Notice: On April 23, 2014, Statalist moved from an email list to a forum, based at statalist.org.
[Date Prev][Date Next][Thread Prev][Thread Next][Date Index][Thread Index]
st: -longshape- available from SSC
From
Nick Cox <[email protected]>
To
[email protected]
Subject
st: -longshape- available from SSC
Date
Fri, 7 Oct 2011 18:45:20 +0100
Thanks to Kit Baum, a program -longshape- may now be downloaded from
SSC. Stata 9.2 is required.
-longshape- is a wrapper for -reshape long- to fix a side-effect of
-reshape long- that bites very occasionally. I've been a happy user of
-reshape- for many years until the problem bit me with a particular
kind of data very recently.
To make this concrete, consider ecological data that include
measurements of abundance for several taxa (usually but not
necessarily species) at several sites. This is the result of a
-describe- for a small dataset of this kind from
<http://www.cambridge.org/gb/knowledge/isbn/item5708032/>.

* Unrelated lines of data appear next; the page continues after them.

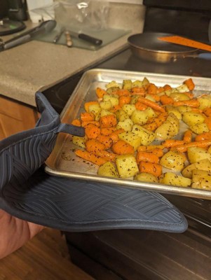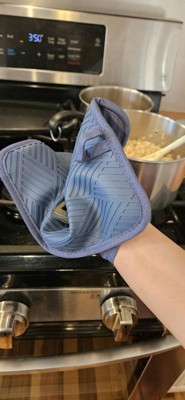 [This review was collected as part of a promotion.] These are great. They are so nice and big. My previous pot holders are so small in comparison. Love how you can put your whole hand in them and feel protected. They have the silicone side to protect against the heat. I only wish that it had a bend in them for when you are grabbing a hot item. It takes some maneuvering to get it to bend. Great item I highly recommend. Love the coverage. I have enough burn marks.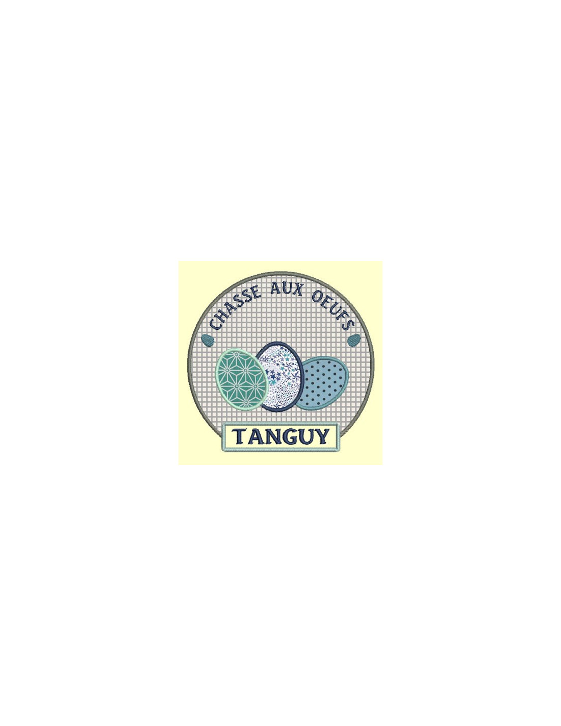 Motif à broder représentant un motif "chasse aux oeufs", oeufs en appliqué, motifs à personnaliser d'un prénom.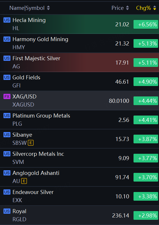 Precious Metals Shares Shine. Spot Silver Rises over 4% to $79.95/Oz While Spot Gold Jumps to $4,485/Oz. Helca Mining up over 6%; Harmony Gold, AG up over 5%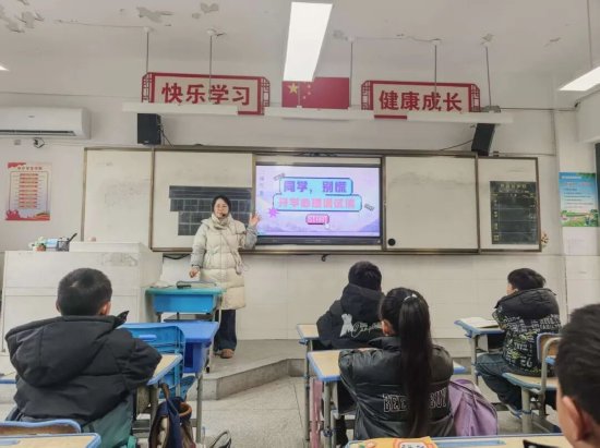 各年级各班班主任也结合本年级学生的年龄特点和心理需求,开展了形式多样的“开学适应”心理健康主题班会。班主任们以亲切的聊天方式,引导学生分享开学后的心情与困惑,有的同学诉说假期还没玩够,对开学充满抗拒;有的同学担心新学期学业难度增加,自己跟不上进度;还有的同学因重新适应集体生活而感到些许不安。针对这些问题,班主任们耐心倾听、温柔回应,既肯定了学生们真实的情绪表达,又结合班级实际,分享了简单易懂的情绪调节方法,比如写写心情日记、和同学朋友倾诉、做一些喜欢的运动等。同时,班主任们还带领学生一起制定新学期的小目标,拆解成一个个容易实现的小任务,让学生们在明确方向的同时,重拾面对新学期的信心与动力。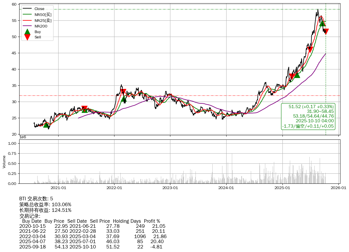 | 50 | BTI | +103.06% | +124.51% | -21.45% | 5 | -1.73/偏空/+0.11/+0.05 | 2020-07-27~2025-10-10 |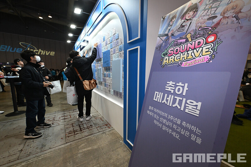 넥슨은 23일 일산 킨텍스에서 '사운드 아카이브' 오프라인 행사를 개최했다. '블루 아카이브'의 글로벌 서비스 3주년을 맞이해 대표 OST 곡들을 감상할 수 있는 무대 공연과 함께 '방과후 디저트부' 포토존, 3주년 축하 메시지 월, 이벤트 부스 등 다양한 즐길 거리를 마련했다.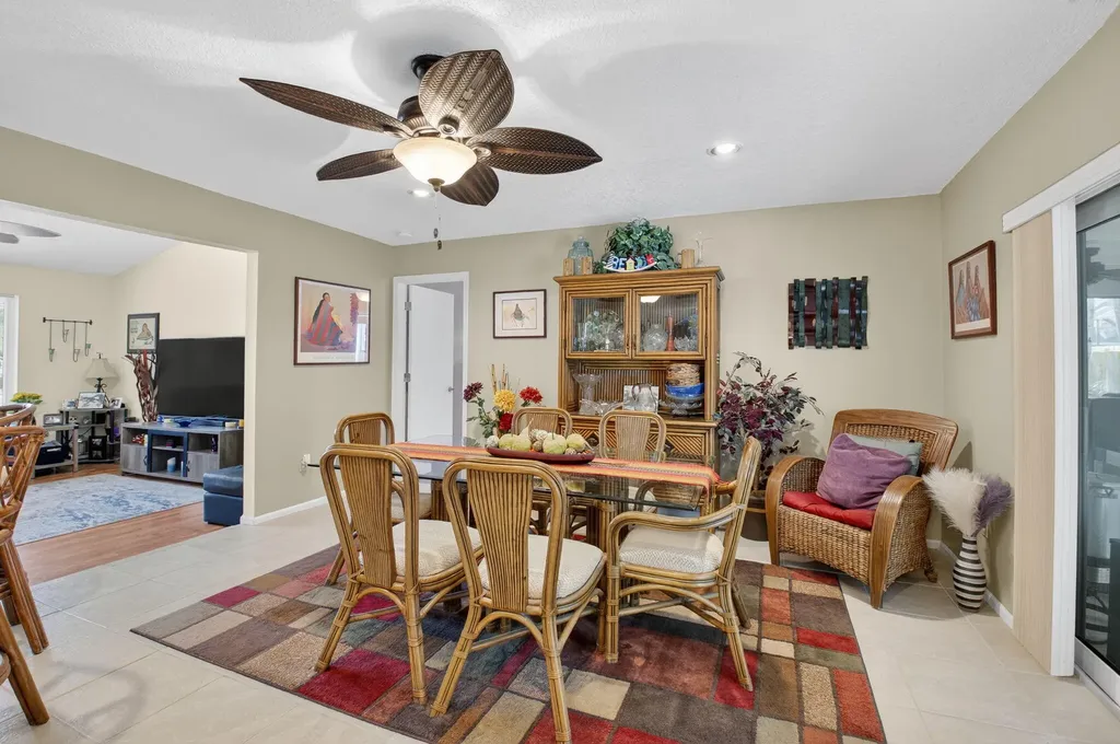 Inside, an open and flexible floor plan is perfect for entertaining and family living. The main living area includes a bright sitting room and vaulted great room with solid oak flooring, large energy-efficient tinted impact windows, and a unique glass block half-wall for architectural interest. Popcorn ceilings were replaced with knockdown texture for a modern, clean finish. The updated kitchen features granite countertops throughout, ample white cabinetry, sleek black appliances, and a breakfast bar that flows seamlessly into the dining area and screened patio. Ceiling fans in every room provide energy-efficient comfort.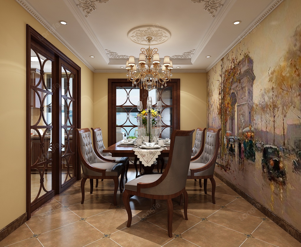精细考究的吊顶和墙面诠释了浪漫优雅的礼仪。

Contains data from dune.dta
obs: 20
vars: 36 10 Aug 2011 18:17
size: 860 (99.9% of memory free)
--------------------------------------------------------------------------------------------------------------------------------------------
storage display value
variable name type format label variable label
--------------------------------------------------------------------------------------------------------------------------------------------
id byte %9.0g
achmil byte %8.0g Achillea millefolium
agrsto byte %8.0g Agrostis stolonifera
airpra byte %8.0g Aira praecox
alogen byte %8.0g Alopecurus geniculatus
antodo byte %8.0g Anthoxanthum odoratum
belper byte %8.0g Bellis perennis
brohor byte %8.0g Bromus hordaceus
chealb byte %8.0g Chenopodium album
cirarv byte %8.0g Cirsium arvense
elepal byte %8.0g Eleocharis palustris
elyrep byte %8.0g Elymus repens
empnig byte %8.0g Empetrum nigrum
hyprad byte %8.0g Hypochaeris radicata
junart byte %8.0g Juncus articulatus
junbuf byte %8.0g Juncus bufonius
leoaut byte %8.0g Leontodon autumnalis
lolper byte %8.0g Lolium perenne
plalan byte %8.0g Plantago lanceolata
poapra byte %8.0g Poa pratensis
poatri byte %8.0g Poa trivialis
potpal byte %8.0g Potentilla palustris
ranfla byte %8.0g Ranunculus flammula
rumace byte %8.0g Rumex acetosa
sagpro byte %8.0g Sagina procumbens
salrep byte %8.0g Salix repens
tripra byte %8.0g Trifolium pratense
trirep byte %8.0g Trifolium repens
viclat byte %8.0g Vicia lathyroides
brarut byte %8.0g Brachythecium rutabulum
calcus byte %8.0g Calliergonella cuspidata
A1 float %9.0g A1 horizon thickness (cm)
moisture byte %8.0g moisture class
management byte %8.0g management
management type
use byte %8.0g use grassland use
manure byte %8.0g manure class
--------------------------------------------------------------------------------------------------------------------------------------------
Sorted by: id
This is a natural data structure for recording data, but some analyses
require a long structure of taxon X site. To -reshape- such data there
is first a minor problem that the species names need a common prefix.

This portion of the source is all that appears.